Она уже надела юбку, оправила ее, так, в колготках без туфель, подошла к раковине, там над ней висело зеркало. Откуда-то в руках появилась косметичка, помада, кисточки, длинные, короткие, толстые, тонкие, какие-то другие приспособления – в общем, для меня это становилось слишком сложным.
– Не волнуйся. – Она смотрела в зеркало то на свое отражение, то на мое, затем снова на свое. – Швы я тебе наложу вполне по-мужски. Даже не сомневайся. – Вдавила одну губу в другую, поводила ими, потом, наоборот, выпятила вперед, похоже, осталась довольна.

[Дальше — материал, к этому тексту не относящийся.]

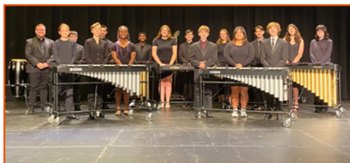
ERHS Percussion Ensemble
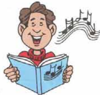
Sing songs about Jesus

To earn your next sticker, COMPLETE the activity
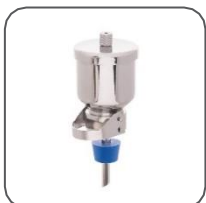
Rubber Stopper Filter Holder
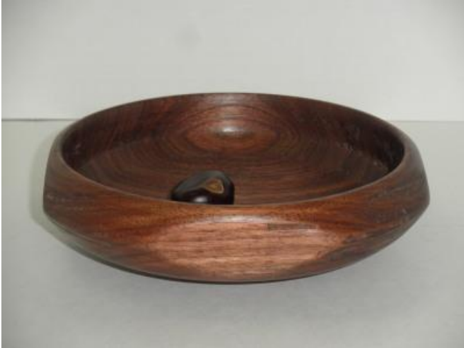
Small Walnut Bowl with Square Edges
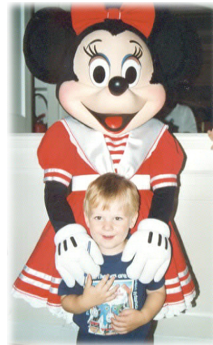
It's a small world after all
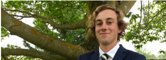
TE WĀHANGA WAIHANGA-HOAHOA / FACULTY OF ARCHITECTURE AND DESIGN
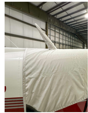
Cessna T303 Canopy Cover
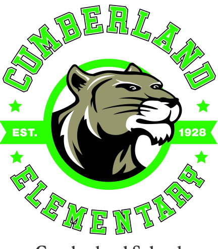
Cumberland School 4780 N. Marlborough Drive Whitefish Bay, WI 53211

Main Office, Health Room, and Website Information
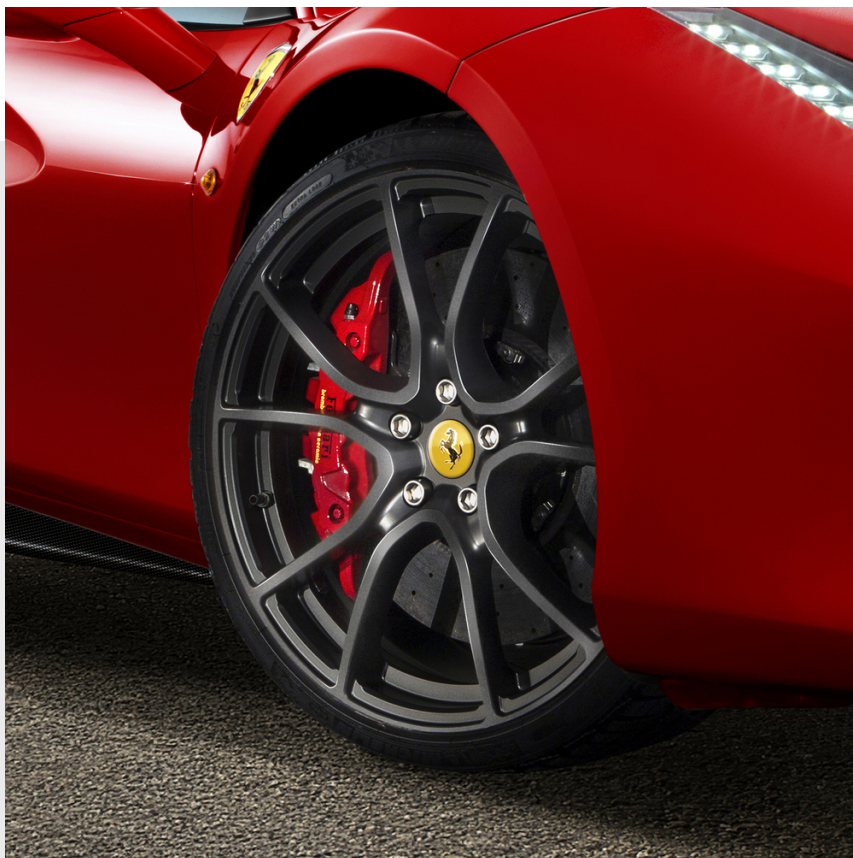
Genuine 20" forged wheels, multi-spoke, matte Grigio Corsa
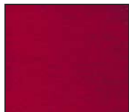
Sequoia Red (110)
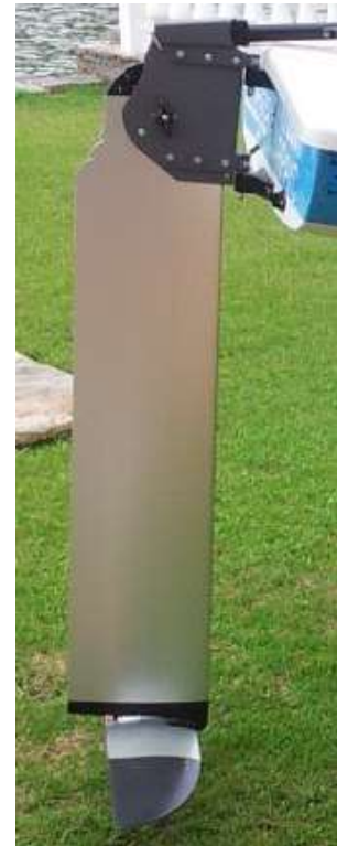
Rudder assembly including vertical rudder blade, horizontal foil and rudder box

As each Laser rudder mounting is subtly different due to the location of the gudgeon fittings, we provide a set of Glide Free spacers, specifically to suit our foiling kit and at the same time solve an age old problem of the tiller hitting the traveller cleat on the deck.
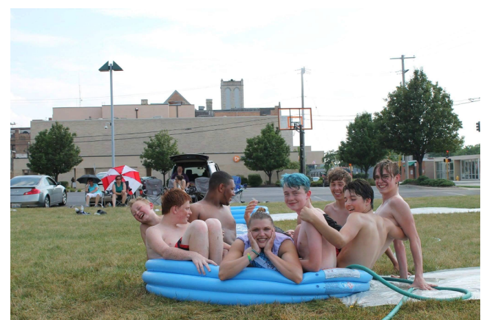
Transit Youth Group cools off after a fun game of Slip and Slide Kickball
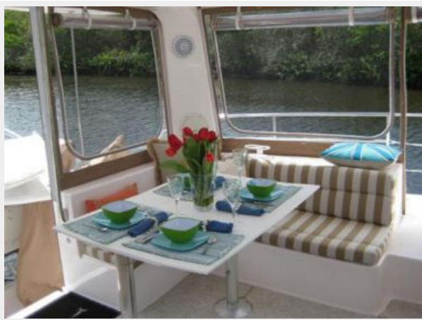
Pilothouse dining for four
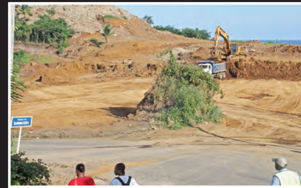
JOHNSON HILL being removed in the first kilometer.
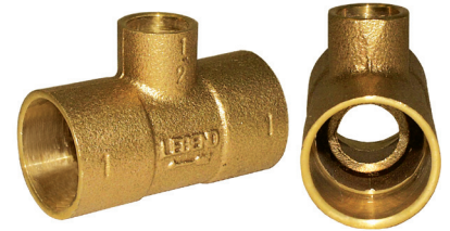
Pictured Model T-569
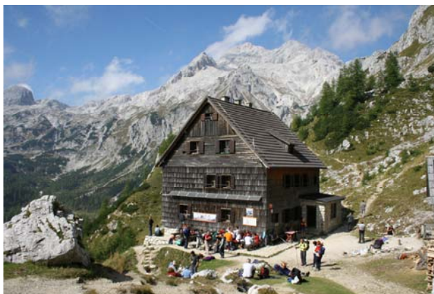
FIGURE 2: Today there are a large number of overnights especially at mountain huts in the Triglav area. Pictured is the hut Vodnikov dom.

All this was also reflected in the decreased number of overnights in mountain hostels, and consequently also in the decreased number of members of mountaineering clubs (Figure 2).
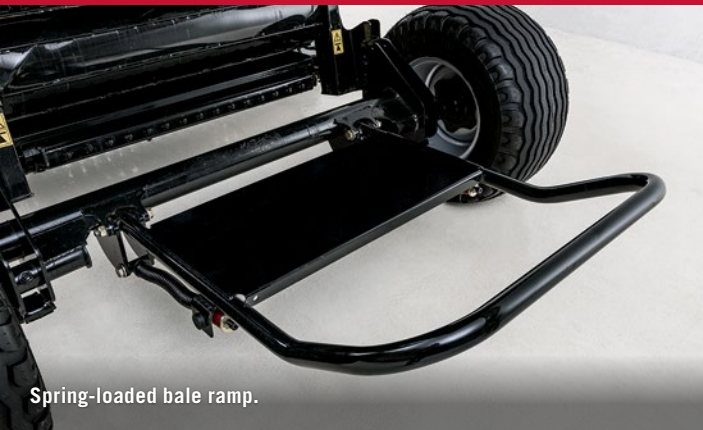
Spring-loaded bale ramp.
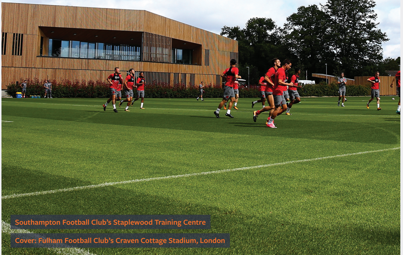
Southampton Football Club's Staplewood Training Centre
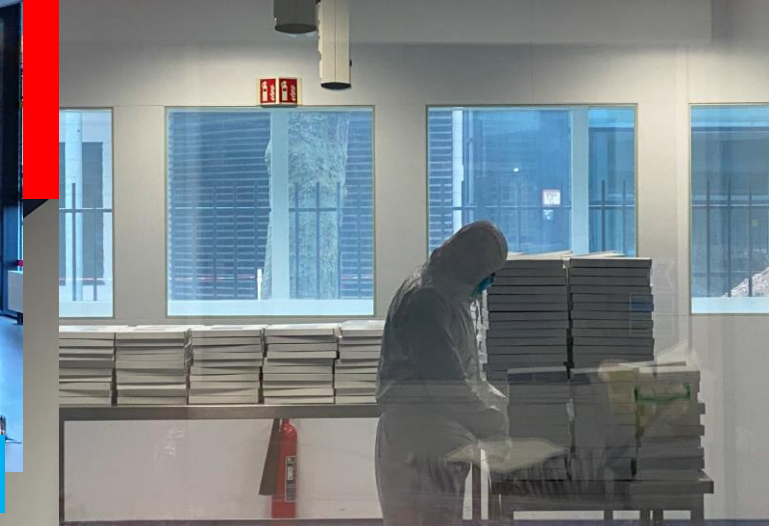
First ETHIZIA™ batch ready for shipment 04MAR2024
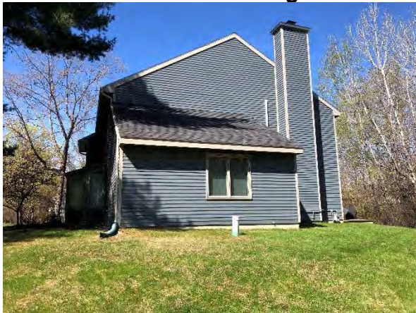
Bld 11 East Shed
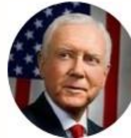
Rep. Orrin G. Hatch (R-UT) Chair
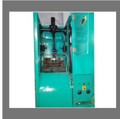
Dual Shaft Disperser
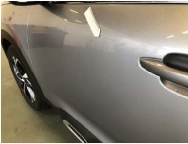
Front left door - Restyle dent
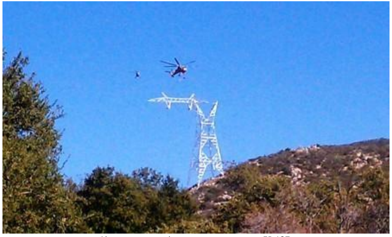
Aircrane attempting to set top on tower EP 137.
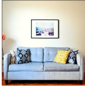
The picture is _____ the sofa.
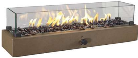
P015-913 Table Top Fire Bowl
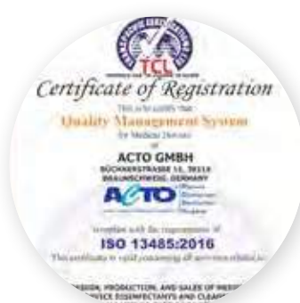
ISO 13485:2016 Quality Management System for Medical Device
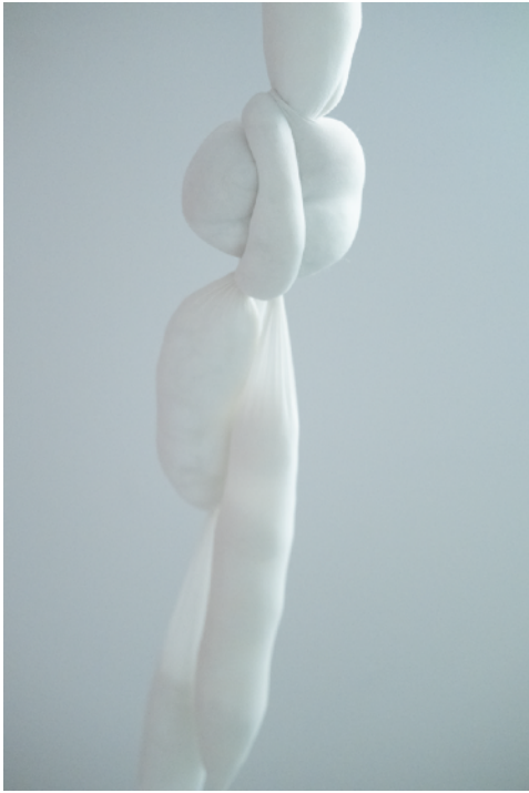
Figure A, 2024-2026 Nylon, polyester fiberfill, rock Dimensions variable
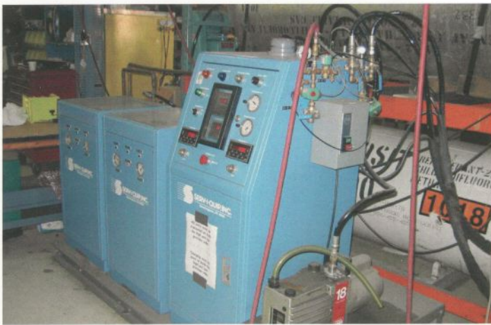
State-of-the-art evacuation, vacuum charging station
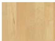
NATURAL BIRCH 222-2115
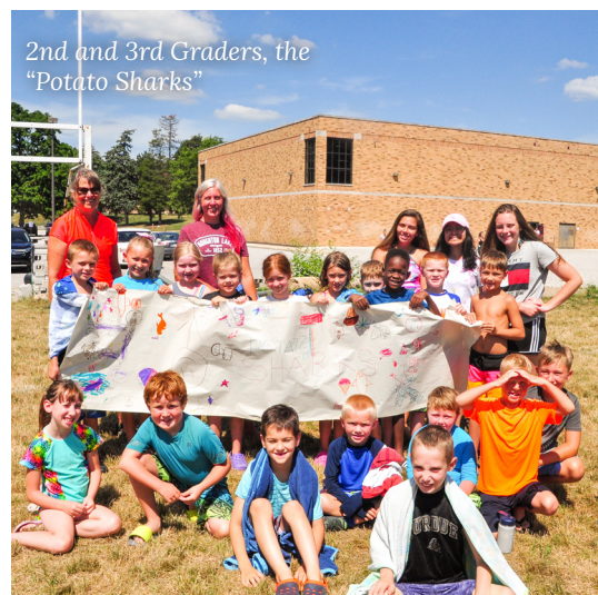
2nd and 3rd Graders, the "Potato Sharks"
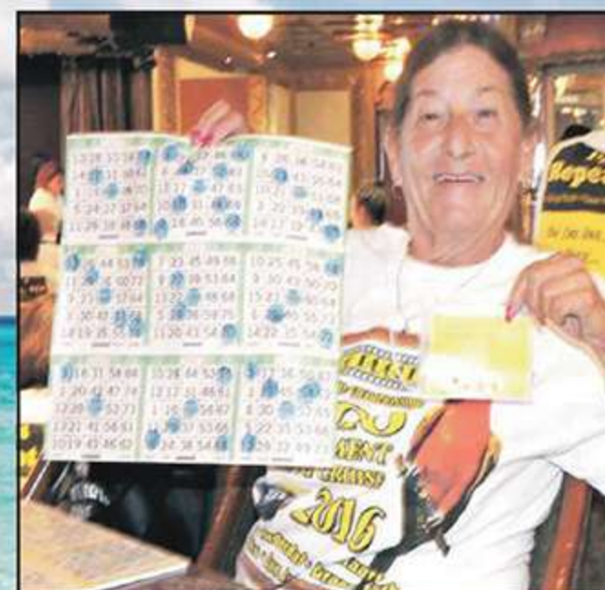
SAILING FROM ORLANDO, FL.
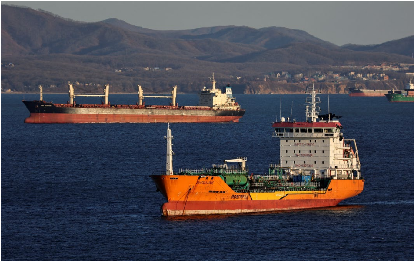
Oil tankers and shipping vessels sail near the port city of Nakhodka, Russia (December, 2022).
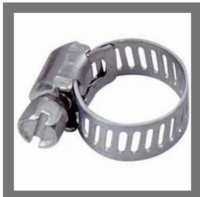
Steel Hose Clamp
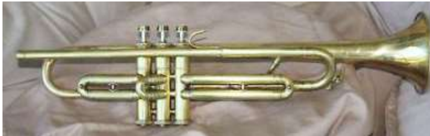
“Made in Elkhart” #53509 c.1940 (auction photo).
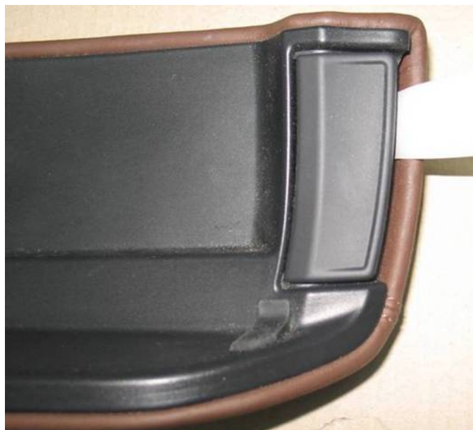
Figure 1. Use a trim tool to separate the top of the armrest from the lower portion.
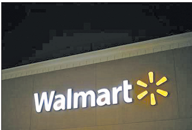
A view shows the Walmart logo at an opened Walmart store on Thanksgiving day in North Bergen, New Jersey on 22 Nov, 2012.

SAN FRANCISCO, 17 Dec—Wal-Mart Stores Inc said on Friday that it began selling Apple Inc's flagship iPhone 5 smartphone at a big discount in thousands of its stores.
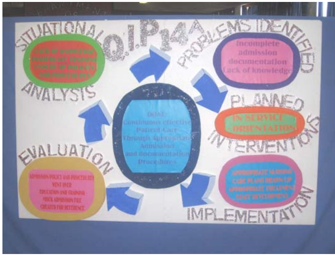
Ward 14A Stall showing the QIP cycle
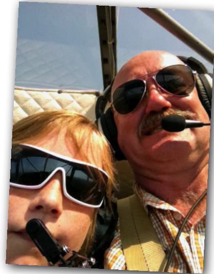
Selfie with a Young Eagle in the Canuck

Here are some general interest pictures of activities around Carp.
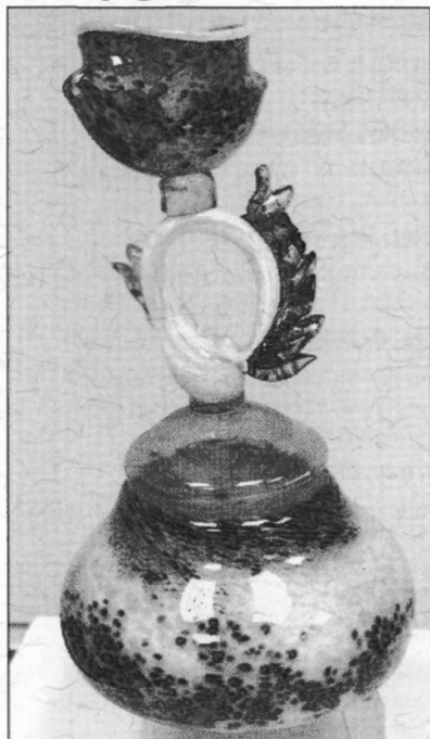
'Ring of Fire #8,' Art and Design Professor George Jercich's blown glass 18" x 9" x 9" two-part vessel, will be included in the upcoming exhibit in the University Art Gallery. (See story on page 8.)
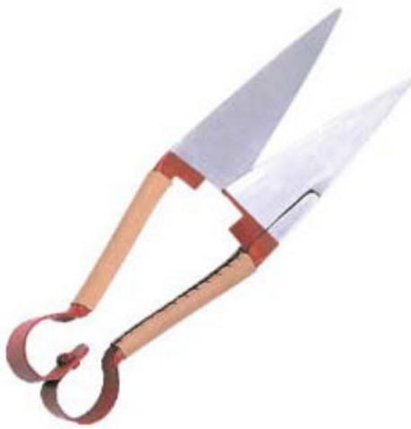
Sheep Shears v-1604 Sheep Shears
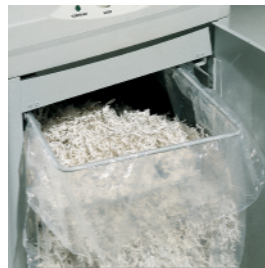
Front door for easy emptying of collecting bag
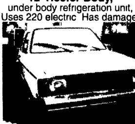
1981 Volkswagon Rabbit Diesel, 4 Spd , 177,354 Mi , 2 Door, Needs Driver-Side Fender
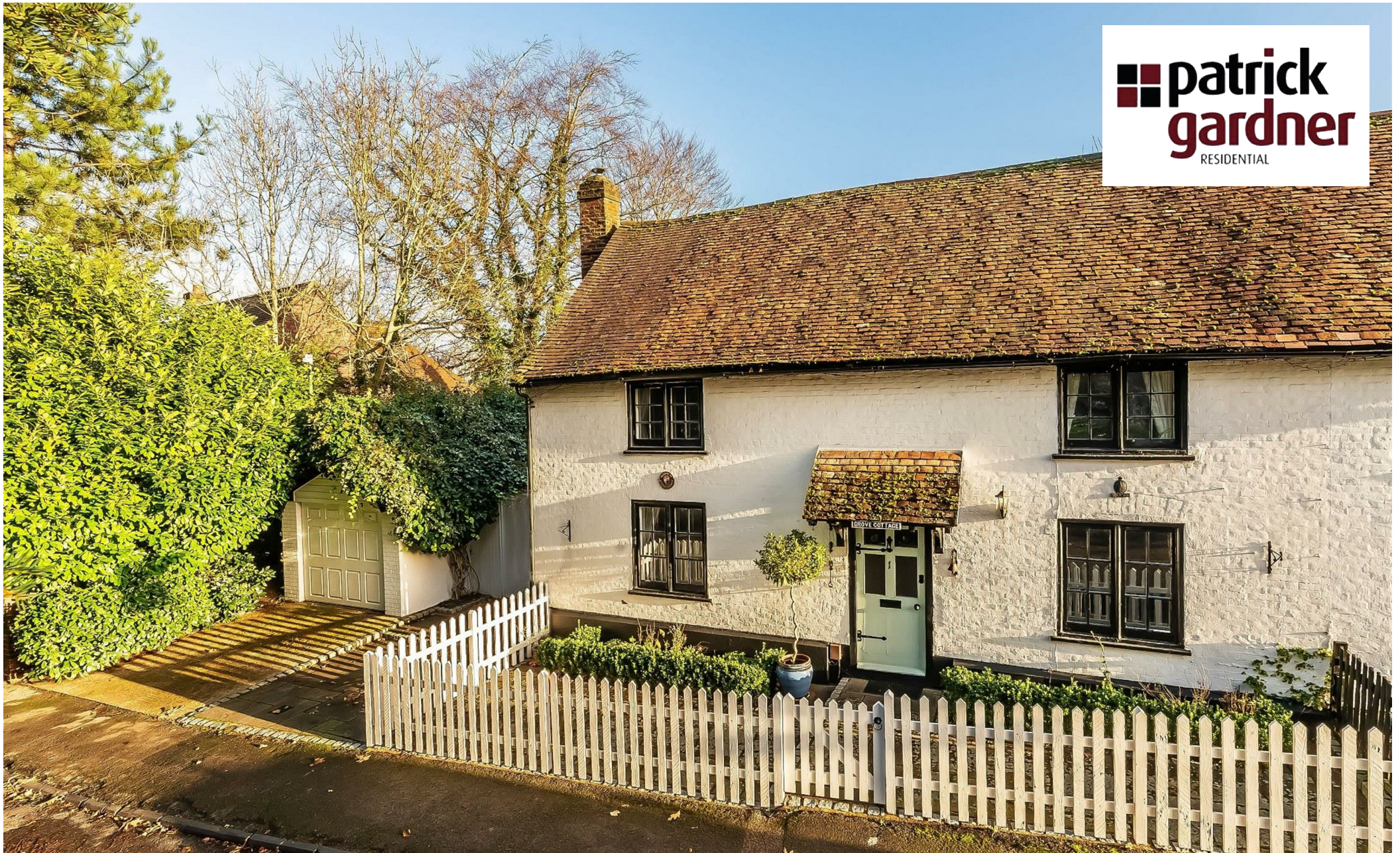
1 Grove Cottages Leatherhead Road, Great Bookham, Surrey, KT23 4NP
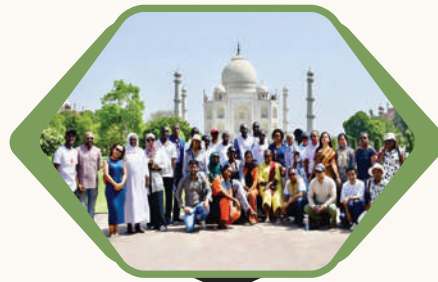
Visit to Taj Mahal
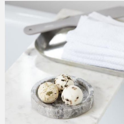
Soap box [ notes: green tea, pomegranate, camomile ]
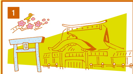
Fukuoka has many historically-important Shinto shrines.
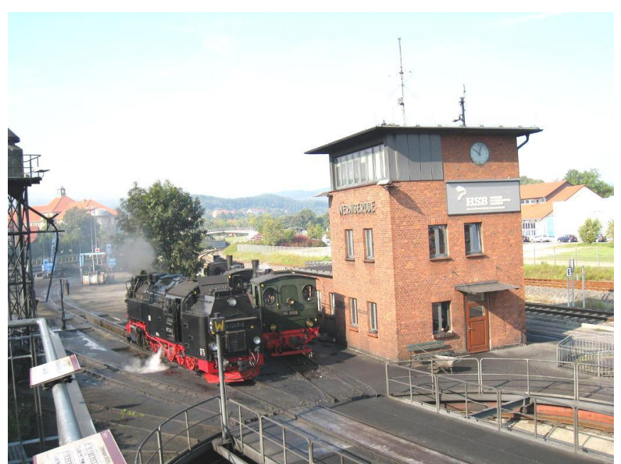
Wernigerode Signal Box & yard
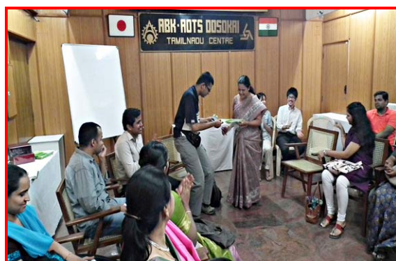
Interactive Session during of the Japanese Language Teachers Meeting
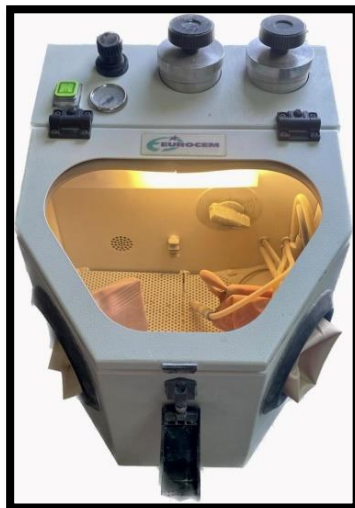
Figure (2): Eurocem sandblasting machine

sandblasting handpiece. Each bracket was sandblasted for 40 s until resin composite was completely removed from the fifteen brackets [8].

– Я и не сомневаюсь, – согласился я.
Она не обманула, я даже не почувствовал боли. Мила трудилась надо мной, теперь ее лицо переполняли сосредоточенность и напряженная концентрация. Лишь пару раз она отвлекалась, бросала на меня быстрый взгляд, как бы проверяя, жив ли, не страдаю ли чрезмерно, и, убедившись, что не страдаю, бросив мимолетную, почти дежурную улыбку, тут же возвращалась к своей тщательной, филигранной работе.
Да и в травматологии меня обслужили по высшему разряду – быстро, профессионально осмотрели, подтвердили, что с глазом все в порядке, а вот переносица сломана. Дали заключение, у них, похоже, процесс был налажен и выверен до мелочей. Милочка, конечно же, всюду ходила со мной, проводила без очереди, стояла рядом, как бы на страже, подтверждая мой сильно блатной статус.
Часа через два мы снова оказались в ее кабинете. Уже начало смеркаться, минут двадцать-тридцать, и станет совсем беспросветно темно.
– Так я сегодня и не поработала, – заключила врач Гессина с заметным сожалением. Но я себя виноватым не почувствовал.
– Ты же оперировала утром.
– Я еще и наукой должна заниматься. У меня всего восемь часов в неделю на науку.
– Да ладно, зато новый опыт обрела. – Она взглянула на меня с удивлением. – Кабинет свой медицинский размочила, – произнес я чересчур жизнерадостно.
– А-а-а… – спохватилась она. – Тоже мне опыт.
– Будешь тут сидеть, работать и вспоминать, – понадеялся я.
– Правда, – она помедлила, – вспоминать буду. – Снова подошла вплотную и на этот раз поцеловала меня, вернее, лишь дотронулась губами до губ.
Вопрос, куда ехать, решился сам по себе. На Ленинском она покормила меня обедом, мы выпили немного, потом, обнявшись, лежали на диване перед включенным телевизором, трогали друг друга, радуясь прикосновениям, – счастливая молодая пара во время вечернего отдыха. Вскоре, правда, от телевизора отвлеклись, стали заниматься любовью, совсем не так, как в кабинете, совсем по-другому, медленно, томительно, теперь уже растягивая время до невообразимых, не существующих в обычной жизни форм. И уже ближе к ночи, лежа в кровати, перед сном снова занимались любовью.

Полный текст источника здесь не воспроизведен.